Zeng Min, Li Min, Fei Zhihui, Wu Fang-Xiang, Li Yaohang, Pan Yi, Wang Jianxin
IEEE/ACM Trans Comput Biol Bioinform. 2021 Jan-Feb;18(1):296-305. doi: 10.1109/TCBB.2019.2897679. Epub 2021 Feb 3.
Computational methods including centrality and machine learning-based methods have been proposed to identify essential proteins for understanding the minimum requirements of the survival and evolution of a cell. In centrality methods, researchers are required to design a score function which is based on prior knowledge, yet is usually not sufficient to capture the complexity of biological information. In machine learning-based methods, some selected biological features cannot represent the complete properties of biological information as they lack a computational framework to automatically select features. To tackle these problems, we propose a deep learning framework to automatically learn biological features without prior knowledge. We use node2vec technique to automatically learn a richer representation of protein-protein interaction (PPI) network topologies than a score function. Bidirectional long short term memory cells are applied to capture non-local relationships in gene expression data. For subcellular localization information, we exploit a high dimensional indicator vector to characterize their feature. To evaluate the performance of our method, we tested it on PPI network of S. cerevisiae. Our experimental results demonstrate that the performance of our method is better than traditional centrality methods and is superior to existing machine learning-based methods. To explore which of the three types of biological information is the most vital element, we conduct an ablation study by removing each component in turn. Our results show that the PPI network embedding contributes most to the improvement. In addition, gene expression profiles and subcellular localization information are also helpful to improve the performance in identification of essential proteins.

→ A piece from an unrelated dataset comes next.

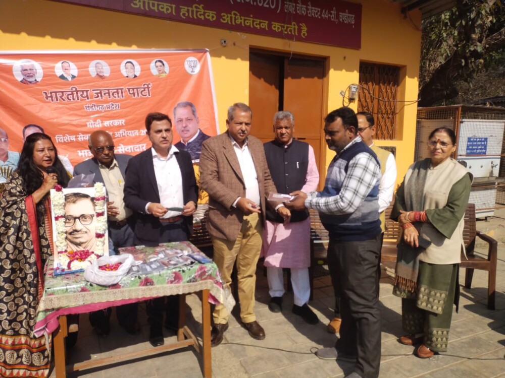 On the death anniversary of Pandit Deendayal Upadhyaya, BJP Chandigarh organized a special service programme at Labour Chowk, Sector 44. The programme was conducted under the leadership of Medical Cell Convenor Lalit Takiyar with the support of Construction Workers Labour Union President Ramlal Bairwa.

为了理解细胞生存和进化的最低要求,人们提出了包括中心性方法和基于机器学习的方法在内的计算方法来识别必需蛋白质。在中心性方法中,研究人员需要设计一个基于先验知识的评分函数,但该函数通常不足以捕捉生物信息的复杂性。在基于机器学习的方法中,一些选定的生物学特征由于缺乏自动选择特征的计算框架,无法代表生物信息的完整属性。为了解决这些问题,我们提出了一个深度学习框架,无需先验知识即可自动学习生物学特征。我们使用node2vec技术自动学习比评分函数更丰富的蛋白质-蛋白质相互作用(PPI)网络拓扑结构表示。双向长短期记忆细胞用于捕捉基因表达数据中的非局部关系。对于亚细胞定位信息,我们利用高维指示向量来表征其特征。为了评估我们方法的性能,我们在酿酒酵母的PPI网络上对其进行了测试。我们的实验结果表明,我们方法的性能优于传统的中心性方法,并且优于现有的基于机器学习的方法。为了探索三种类型的生物信息中哪一种是最重要的元素,我们依次去除每个组件进行了消融研究。我们的结果表明,PPI网络嵌入对性能提升的贡献最大。此外,基因表达谱和亚细胞定位信息也有助于提高必需蛋白质识别的性能。